UK re-investigates Pfizer's eye-popping price gouging on an epilepsy drug

05 Aug 2021
When a drugmaker raises the price of a drug in the US by more than 2,000% overnight, and without any particular reason for that increase, nothing typically happens to the company. No fines, no court orders, just business as usual. Martin Shkreli’s decades-old anti-parasitic drug Daraprim was the perfect example — massive price spike on an old drug, lots of media attention, public outcry, congressional committees dragging his former company through multiple hearings, and at the end of it? Nothing happened to the price or the company (until generic competition came). But when this type of behavior occurs in the UK, as we’re now seeing in this case with Pfizer, regulators are prepared for retribution, and they aren’t afraid to re-open an investigation either. In this instance, the UK’s Competition and Markets Authority has already, in 2016, imposed a record £84.2 million ($117 million) fine on Pfizer, finding that the company broke competition law by increasing the price of its epilepsy drug phenytoin sodium by 2,600% overnight after the drug was deliberately de-branded in September 2012. The change meant that the price the UK’s National Health Service was charged for 100mg packs of the drug skyrocketed from £2.83 ($3.94) to £67.50 ($94), resulting in increased expenditures from about £2 million ($2.8 million) in 2012 to about £50 million ($70 million) in 2013. In 2018, the UK’s Competition Appeal Tribunal (CAT) upheld the CMA’s findings on market definition and dominance, but set aside the CMA’s finding that the companies’ prices were an unlawful “abuse” of dominance. This latest re-investigation by the CMA, announced Thursday, will wade back into that finding that the CAT set aside.
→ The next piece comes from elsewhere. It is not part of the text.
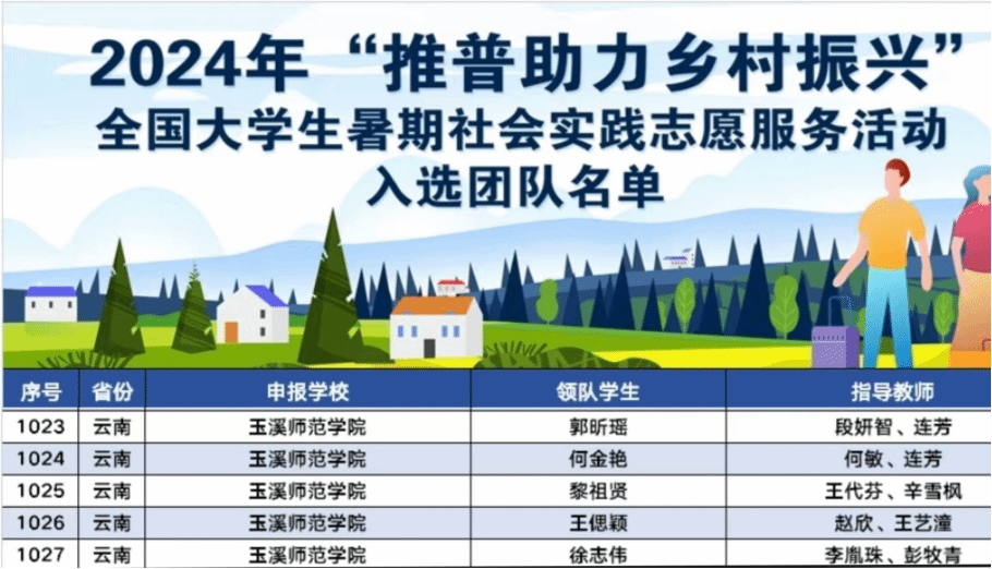 为深入贯彻落实党的二十大关于“加大国家通用语言文字推广力度”的决策部署,贯彻落实习近平总书记关于教育的重要论述和关于语言文字的重要指示批示精神,服务铸牢中华民族共同体意识,助力教育强国、文化强国建设,教育部语言文字应用管理司、共青团中央青年发展部开展2024年“推普助力乡村振兴”全国大学生暑期社会实践志愿服务团队申报活动。全国共有1452所高校的6998支团队7万余名师生报名,经过专家审议,1200支团队入选。玉溪师范学院共有5支团队入选,入选数量居云南省高校第二。

The CMA has now provisionally found that Pfizer and Flynn Pharma, the company that sold the Pfizer drug to NHS and previously was fined £5.2 million ($7.2 million), exploited a loophole and de-branded the drug – known as Epanutin prior to September 2012 – so that it was not subject to price regulation in the way branded drugs are. As Pfizer and Flynn were the dominant suppliers of phenytoin sodium in the UK, the NHS had no choice but to pay the high prices. Pfizer and Flynn now have a chance to respond to the CMA’s accusations, and the authority said it will carefully consider their representations before deciding whether they broke the law.